Hepsi. Hiçbiri ben değilim, çoğu bana yakın bile değil. Sadece merak ettiğim hikâyeler, ki bazılarını ne kadar merak ettiğimi bile oynarken öğrendim. Size ait olmayan, bilmediğiniz her duygu, tepki ilginçtir. Bunun illa güzel olması gerekmez, en büyük yanılgı bu. Sadece iyi şeyleri istemeyiz. İçerde bir yerde korktuğumuz ve utandığımız şeyleri daha çok merak ederiz. O yüzden hepsi tatmin ediciydi ve aynı oranda zordu.
Neler izlemekten hoşlanırsın, ne tür bir rol gelse asla reddetmem dersin?

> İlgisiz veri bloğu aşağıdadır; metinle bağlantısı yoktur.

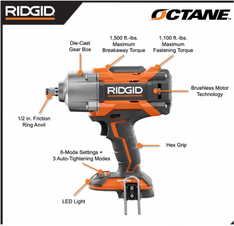 RIDGID R86211KN 18-Volts Brushless Cordless 1/2 in. High Torque 6-Mode Impact Wrench Kit with 4.0 Ah Battery and Charger
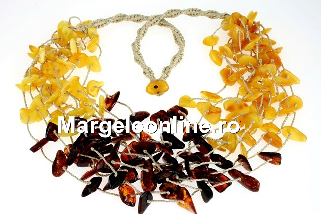 Colier din margele chips de chihlimbar natural, dimensiune variabila progresiva chips: 11-15mm, lungime totala colier: 55cm, realizat din 10 siraguri. Pretul este pentru 1 colier.
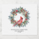 Elegant watercolor red cardinal framed by a classic winter pine wreath. Red and white flowers, berries and pinecones add to the greenery. Three lines of text let you customize your party supplies.

Suç hikâyelerine ve fantastik hikâyelere takıntılıyım. Hele de ikisi birlikteyse, seremoni eşliğinde ve tekrar tekrar izliyorum. Buz gibi gerçekçi işler de günümüz dünyasında biraz fantastik sayılır, aynı his onlar için de geçerli. İyi yazılmış bir suç hikâyesine asla hayır diyemem.

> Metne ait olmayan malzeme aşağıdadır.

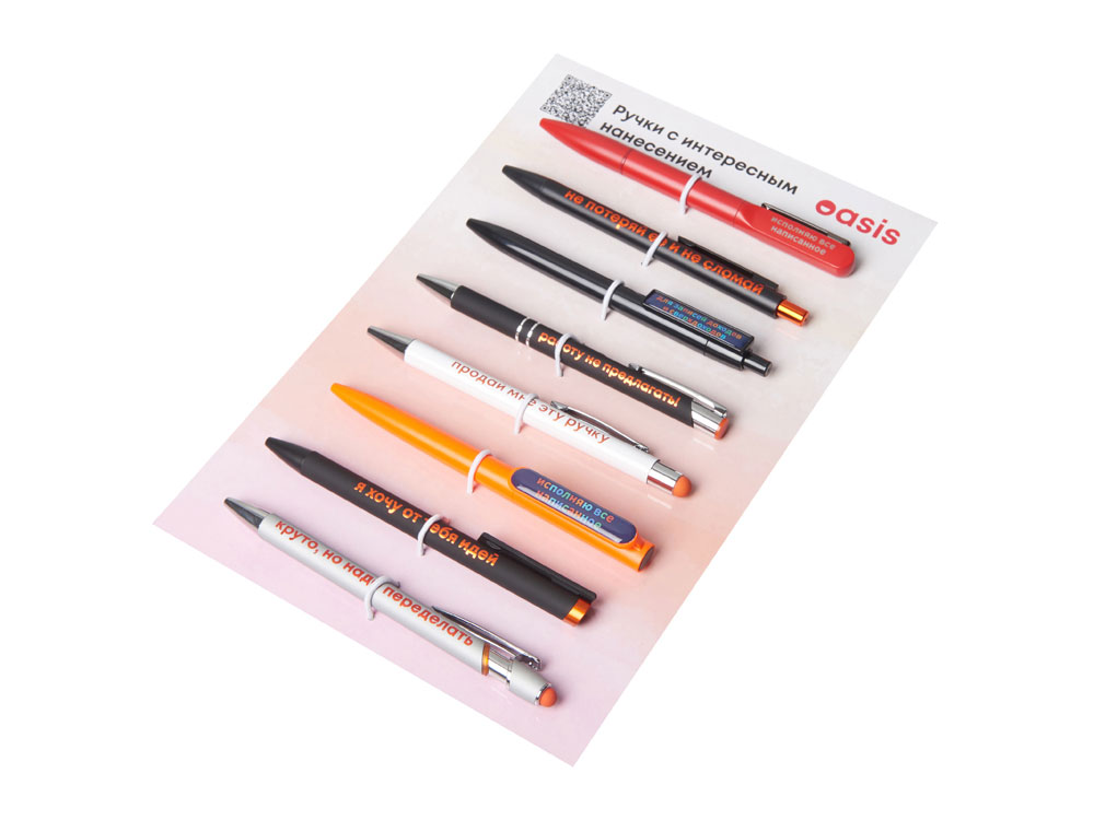 Промо-сет ручек с интересными нанесениями — это презентационный комплект, включающий 8 уникальных моделей с несколькими вариантами нанесения: гравировка и заливка полимерной смолой.

Bir oyuncu olarak sanat ve moda arasındaki ilişkiyi nasıl görüyorsun? Moda senin için ne ifade ediyor?
Modaya bayılıyorum; başlangıçta kendimden emin değildim ama kendimi keşfettikçe ve yorumladıkça yakınlaştığım bir dünya oldu benim için. Sanat gibi moda da özgün olduğunda anlam kazanıyor. Çocukken müthiş bir özgürlükle birleştiriyoruz parçaları, bir ifade biçimi olarak kullanıyoruz giyinmeyi. Sonra bir dönem ve trendleri takip ediyorsun. Şu an ise hepsini bir araya getirdiğim bir dönemdeyim ve tadını çıkartmaya başladım.
Modayı “yıldız”lardan ayrı düşünemeyiz? Senin moda ikonların var mı?
Alexa Chung, Elsa Hosk, Jane Birkin, Audrey Hepburn.
Gündelik hayatında minimal ve sofistike bir tarza sahipsin. Kişisel tarzını nasıl tanımlarsın? Hangi tarzlar/akımlar seni daha çok kendine çekiyor?
Mutlu hissetmediğim bir şeyin içinde iyi görünemeyeceğim gerçeğini baz alıyorum öncelikle. Ama mutlu hissetme skalam geniş olduğu için bu kısıtlayıcı bir tavır oluşturmuyor stilimde. Farklı tarzları birlikte kullanmayı seviyorum, mutlaka renkli bir parça ekliyorum. Çok net görüntülerden ziyade biraz karışıklık yaratmak istediğim doğal görünümü besliyor.
Kariyerine dair en büyük hayalin nedir?
Mesleğimi yaparken mutlu olmaya ve gelişmeye devam edebilmek.